Wenden wir uns nun Plessner zu. Wir finden bei ihm ebenfalls Überlegungen zum
extrauterinen Frühjahr und der damit verbundenen Weltoffenheit. Während der Anpassung an
die Umwelt erlernen wir Sprechen und Handeln und somit die Beherrschung des eigenen
Körpers, die steter Kontrolle bedarf, und werden daran gewöhnt uns neben den anderen
Dingen als Ding zu sehen. Wir lernen uns in und mit dem Körper zugleich
zurechtzufinden.[13] Das Innen betrachten wir mittels der exzentrischen Position. Diese kann
über die Toten, den Traum, das Spiegelbild, durch reflektierende Versenkung oder auf
anderen Wegen eingenommen werden. Denn anstatt unser Umfeld als unser Mitfeld
wahrzunehmen, wie es bei den Tieren zu sein scheint, differenzieren wir die Umwelt von
unserem Sein. Wir können Distanz zur Umwelt nehmen und zu uns selbst. Wir können unser
Erleben erleben. Diese exzentrische Position verstärkt wiederum die Verdinglichung.
Dieser Prozess vollzieht sich in einer sozialen Welt, die von anderen bevölkert ist und bereits
von Normen beherrscht wird.
[10]a.a.O., S.73
[11]Meiner Beobachtung nach ist eine deutliche Trennlinie zwischen Kultur und Institution nicht ersichtlich. So
schreibt er „Es sind[...]Recht, das Eigentum, die monogame Familie[...], welche Kultur heißen dürfen. Diese
Institutionen wie das Recht, die monogame Familie, das Eigentum [...]“ a.a.O., S.59
[12]a.a.O., S73
[13]Helmuth Plessner: „Conditio Humana“, opuscula Reihe im Neske Verlag, S.50
„Dass ein jeder ist, aber sich nicht hat; genauer gesagt, sich nur im Umweg über andere und
anderes als ein Jemand hat – so heißt es -, gibt der menschlichen Existenz in Gruppen ihren
institutionellen Charakter..“[14]
Diese Normen geben einen Rollenplan vor, in dem die Menschen aus den vorgegebenen oder
auch vorhandenen Möglichkeiten schöpfen können. Die Menschen sind füreinander unter
anderem durch Namen ansprechbar, sind somit Personen.
Die Person steht bei Plessner für die erste der drei Formen von Rolle. Sie ist ein „mit der
Verkörperung gegebener fundamentaler Zug leibhafter Existenz.“[15] In ihr finden wir die
elementare Rollenhaftigkeit vor, die das Grundverhältnis der Person zu seinem Verband und
zu sich selbst festlegt. Person ist die private Hälfte des Doppelgängertums privat-öffentlich.

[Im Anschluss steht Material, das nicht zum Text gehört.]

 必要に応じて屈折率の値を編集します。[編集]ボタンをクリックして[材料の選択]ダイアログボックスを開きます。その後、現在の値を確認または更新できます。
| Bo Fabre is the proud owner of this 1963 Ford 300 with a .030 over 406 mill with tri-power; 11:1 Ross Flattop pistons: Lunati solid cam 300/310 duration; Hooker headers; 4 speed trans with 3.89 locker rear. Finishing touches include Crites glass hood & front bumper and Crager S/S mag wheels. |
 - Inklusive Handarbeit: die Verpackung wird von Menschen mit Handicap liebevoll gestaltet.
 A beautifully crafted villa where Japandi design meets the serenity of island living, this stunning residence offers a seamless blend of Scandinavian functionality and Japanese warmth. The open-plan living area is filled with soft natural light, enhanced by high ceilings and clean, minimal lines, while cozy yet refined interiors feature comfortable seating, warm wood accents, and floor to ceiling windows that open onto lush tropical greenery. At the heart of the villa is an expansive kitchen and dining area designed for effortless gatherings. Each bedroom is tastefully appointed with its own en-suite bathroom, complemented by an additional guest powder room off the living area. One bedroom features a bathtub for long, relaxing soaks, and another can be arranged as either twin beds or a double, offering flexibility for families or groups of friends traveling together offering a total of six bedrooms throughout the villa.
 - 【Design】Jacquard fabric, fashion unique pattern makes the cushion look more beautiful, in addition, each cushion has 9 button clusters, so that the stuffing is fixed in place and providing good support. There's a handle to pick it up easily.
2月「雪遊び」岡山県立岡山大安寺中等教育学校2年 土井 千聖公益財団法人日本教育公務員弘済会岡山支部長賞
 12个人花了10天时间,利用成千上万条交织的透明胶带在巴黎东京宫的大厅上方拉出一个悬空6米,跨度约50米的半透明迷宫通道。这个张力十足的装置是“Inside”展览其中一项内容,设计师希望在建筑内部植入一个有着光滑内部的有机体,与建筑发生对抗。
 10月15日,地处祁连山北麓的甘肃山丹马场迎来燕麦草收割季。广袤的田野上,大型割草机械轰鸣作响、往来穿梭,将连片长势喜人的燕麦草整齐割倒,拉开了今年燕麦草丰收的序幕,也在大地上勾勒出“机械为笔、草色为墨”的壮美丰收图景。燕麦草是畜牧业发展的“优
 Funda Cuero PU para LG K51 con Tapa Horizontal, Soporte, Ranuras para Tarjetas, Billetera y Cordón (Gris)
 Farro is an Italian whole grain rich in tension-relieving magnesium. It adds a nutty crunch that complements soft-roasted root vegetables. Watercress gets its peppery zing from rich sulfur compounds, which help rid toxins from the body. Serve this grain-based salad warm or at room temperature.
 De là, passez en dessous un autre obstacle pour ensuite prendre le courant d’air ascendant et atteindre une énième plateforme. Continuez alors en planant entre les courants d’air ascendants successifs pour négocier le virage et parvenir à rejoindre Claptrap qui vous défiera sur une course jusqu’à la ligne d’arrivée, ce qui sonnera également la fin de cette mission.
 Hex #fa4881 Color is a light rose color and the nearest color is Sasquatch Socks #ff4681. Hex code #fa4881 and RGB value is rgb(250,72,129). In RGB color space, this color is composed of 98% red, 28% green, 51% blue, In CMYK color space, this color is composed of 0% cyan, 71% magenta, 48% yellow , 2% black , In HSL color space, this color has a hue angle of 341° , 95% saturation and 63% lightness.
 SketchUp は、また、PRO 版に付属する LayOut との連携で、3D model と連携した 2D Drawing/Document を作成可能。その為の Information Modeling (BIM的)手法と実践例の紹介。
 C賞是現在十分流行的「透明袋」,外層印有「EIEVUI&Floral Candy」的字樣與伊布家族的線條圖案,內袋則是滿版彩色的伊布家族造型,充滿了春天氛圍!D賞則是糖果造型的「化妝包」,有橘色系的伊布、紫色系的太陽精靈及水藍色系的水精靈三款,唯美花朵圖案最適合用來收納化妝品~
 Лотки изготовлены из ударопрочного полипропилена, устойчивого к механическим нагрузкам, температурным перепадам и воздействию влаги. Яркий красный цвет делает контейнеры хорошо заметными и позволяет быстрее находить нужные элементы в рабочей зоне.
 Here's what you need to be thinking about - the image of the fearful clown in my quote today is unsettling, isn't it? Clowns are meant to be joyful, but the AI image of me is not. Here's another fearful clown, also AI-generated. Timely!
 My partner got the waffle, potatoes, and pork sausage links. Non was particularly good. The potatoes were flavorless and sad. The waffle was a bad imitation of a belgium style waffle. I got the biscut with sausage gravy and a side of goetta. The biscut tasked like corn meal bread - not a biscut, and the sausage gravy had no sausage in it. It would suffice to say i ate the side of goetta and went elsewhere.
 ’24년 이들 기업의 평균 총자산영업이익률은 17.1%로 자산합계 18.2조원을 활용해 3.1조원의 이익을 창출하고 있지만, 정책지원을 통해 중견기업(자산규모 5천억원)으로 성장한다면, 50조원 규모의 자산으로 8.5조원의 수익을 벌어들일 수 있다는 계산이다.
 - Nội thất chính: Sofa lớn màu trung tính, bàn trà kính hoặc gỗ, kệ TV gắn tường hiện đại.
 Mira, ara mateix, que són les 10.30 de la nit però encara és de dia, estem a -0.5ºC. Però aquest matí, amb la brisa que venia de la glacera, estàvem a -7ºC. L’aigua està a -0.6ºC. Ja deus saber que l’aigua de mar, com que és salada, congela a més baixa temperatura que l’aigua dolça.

Das Individuum befindet sich hier am ehesten in einer Zone der Privatheit, der sozialen
Unberührtheit. Die Normen für die Rolle sind weniger strikt, dennoch vorhanden. Nur wird
die Rolle hier nicht als Maske verstanden, wie es bei der zweiten Form der Fall ist, der Rolle
als theatralischen Begriff. Hierbei handelt es sich um den Fall, in dem der Rollenträger seine
Existenz wechselt, eine Maske aufsetzt. Dies ist nur möglich, da die erste Rolle, die Person als
gesicherte Identität diese Rolle des Jemand trägt. Die Normen fassen hier in strikter Art, da
die Positionen der Rolle für die Gesellschaft von Belang sind und Verstöße die Gesellschaft
stören. Dies ist die öffentliche Hälfte.
Die dritte Form bringt uns Rolle als gesellschaftlichen Funktionsbegriff nahe, dem es nicht
um menschliche Spezifik geht, sondern um die reinen Funktionen, demnach zum Beispiel um
die austauschbaren Leistungen einer Person, statt deren Anlagen und Neigungen. Die Rolle
ist dann Funktion und somit im Vorhinein festgelegt. Der Automechaniker ist dann lediglich
die Funktion, die das Kfz repariert, wie die Rolle des Motors der Antrieb einer Maschine ist.
Die Rollendeutung ist zwar, wie auch andere Strukturen auf alle Gesellschaftsformen
anwendbar, dies jedoch nur unter Vernachlässigung der Selbstdeutung dieser
Gesellschaftsformen. Es gibt folglich mindestens so viele mögliche Deutungen, wie es
mögliche Gesellschaftsformen gibt. Dies einräumend versteht Plessner den Menschen als auf
eine soziale Rolle hin verwiesenes, jedoch nicht durch sie definiertes Wesen. Daher bleibt er
auf der Ebene der Rollendeutung und des dazugehörigen Doppelgängertums privat-öffentlich.
Denn in dieser Deutung hat der Doppelgänger die Möglichkeit zu wählen, ob er das
Reflektieren des Doppelgängertums einstellen, ob er es gar nicht zu der Reflektion kommen
lassen, oder ob er den Versuch eines Gleichgewichtes zwischen öffentlich-privat wagen will.
[14]a.a.O., S.53, als ein zusammenfassendes Zitat, das bisher hergeleitetes gut ausdrückt.